Das Besondere an dem neuen Unternehmen: Die Gesellschafter kombinieren soziale Verantwortung und Unternehmergeist. Sie wollen Langzeitarbeitslose wieder in Lohn und Brot bringen – und damit selbst Geld verdienen. IHP ist ein Dienstleister für andere Unternehmen, nimmt ihnen Tätigkeiten ab, die nicht zu deren Kerngeschäft gehören – zum Beispiel Hausmeister- und Reinigungsjobs. 130 zuvor arbeitslose Menschen beschäftigt IHP inzwischen.
BP-Manager Suresch ist erster und derzeit wichtigster Kunde von IHP. Ehemalige Langzeitarbeitslose pflegen die Grünanlagen der Raffinerie, putzen die Waschkauen und halten die Werksfahrräder in Schuss. Schon von weitem sind die IHP-Leute zu erkennen: „Echte“ BP-Mitarbeiter tragen blaue Arbeitsoveralls, IHP-Beschäftigte dagegen sind ganz in Grün gekleidet.
Klaus Herbers ist einer von ihnen. Der 49-jährige ausgebildete Elektriker hatte zuletzt als LKW-Fahrer gearbeitet, bis sein Arbeitgeber Pleite ging. Drei Monaten stand er auf der Straße, bis er bei IHP anheuerte. Zum ersten Mal seit gut zehn Jahren arbeitet er dort wieder in seinem erlernten Beruf – Herbers wartet bei BP Klima- und Lüftungsanlagen und erledigt einfache elektrische Instandsetzungsarbeiten. „Ich bin heilfroh, dass ich das LKW-Fahren hinter mir habe“, sagt er.
In die gängigen Schubladen will das Konzept der Lingener IHP nicht so richtig passen. Das Unternehmen ist keine Personal-Service-Agentur – die Mitarbeiter erledigen zwar Aufträge anderer Unternehmen, IHP hofft aber nicht, dass sie dort übernommen werden. „Wir wollen unsere Leute auf Dauer bei uns halten“, betont Mainka. IHP ist auch keine klassische Leiharbeitsfirma – die Beschäftigten sollen nicht nur vorübergehend, sondern dauerhaft bei den Auftraggebern arbeiten.
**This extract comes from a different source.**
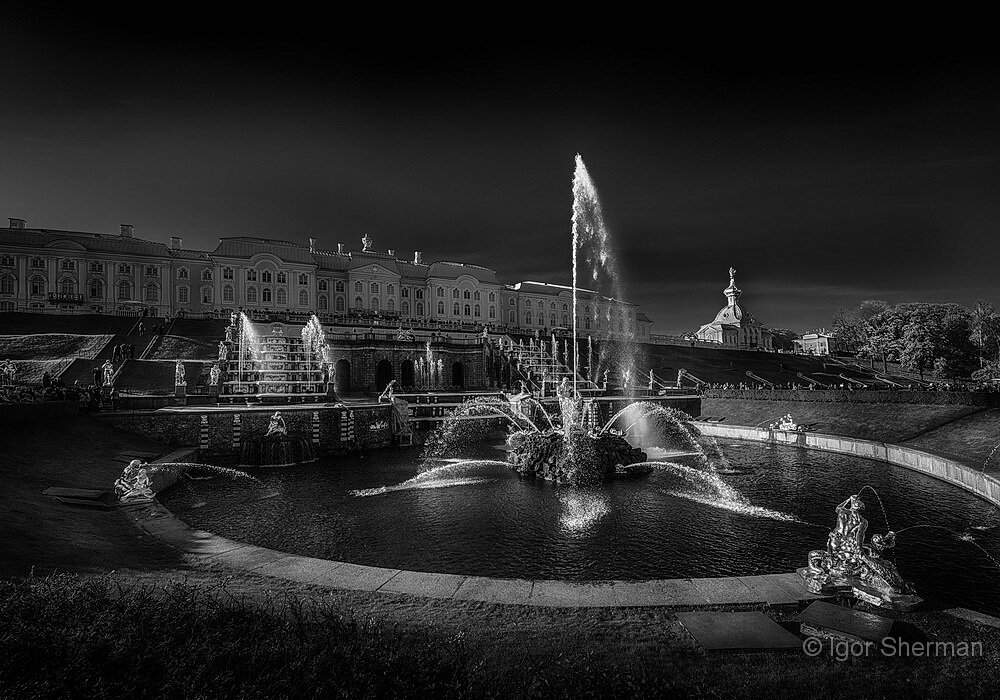 Несколько лет назад я снимал Петергофские фонтаны для одного итальянского проекта. И как это часто бывает, хотелось сделать необычный кадр, который выделялся бы из множества уже снятых фотографий главного фонтана Петродворца – Самсона. У меня возникла идея запечатлеть момент, когда луч солнца пробежит по фасаду Екатерининского дворца. Такой эффект возможен только на рассвете в начале лета. Однако с этим было две проблемы: заказ получил я уже ближе к концу лета, в это время солнце восходило за самим дворцом; во-вторых, рано утром туда просто не пускали. А проникнуть на территорию ночью или вечером и заночевать нереально, так как в таком случае меня бы обнаружили сразу же. Но затем я задумался и осознал, что это не так важно. Почему? Снимать при боковом освещении идеально - такой свет подчеркивает архитектурные детали, особенно камень. Однако стены Екатерининского дворца были оштукатурены и не имели особой фактуры. Зато флигель справа отлично дополнял композицию световым пятном, оставляя

Und IHP ist auch keine Beschäftigungsgesellschaft – es schickt Arbeitslose nicht in bezahlte Weiterbildungskurse, sondern qualifiziert sie auf eigene Kosten. „Das Unternehmen wird nach betriebswirtschaftlichen Grundsätzen geführt“, betont IHP-Geschäftsführer Holger Zaß. „Unsere Gesellschafter schießen keine Gelder zu.“ Von den 100 000 Euro Grundkapital abgesehen, mit denen sie das Unternehmen zum Start ausgestattet haben.
Die örtliche Politik ist von der Initiative begeistert. Sie sei ein gutes Beispiel dafür, „wie Regionen selbst ihr Schicksal in die Hand nehmen können“, sagt Landrat Hermann Bröring. Was die Unternehmer mit IHP auf die Beine gestellt hätten, habe Vorbildcharakter.
So einfach wird sich das IHP-Modell allerdings kaum kopieren lassen. Denn es sind erst einige regionale Besonderheiten, die das Projekt möglich gemacht haben. Traditionell gibt es im Emsland ein enges Beziehungsnetzwerk zwischen Unternehmen, Gewerkschaften und Politik. „Man kennt sich hier und vertraut sich“, sagt IG-BCE-Bezirksleiter Peter Wind. „Wenn es Probleme gibt, dann setzt man sich bei einem Glas Bier zusammen, und wenn man sich geeinigt hat, besiegelt man das per Handschlag“, berichtet Wind, der auch im Beirat von IHP sitzt, ebenso wie Lingens Bürgermeister und der Landrat.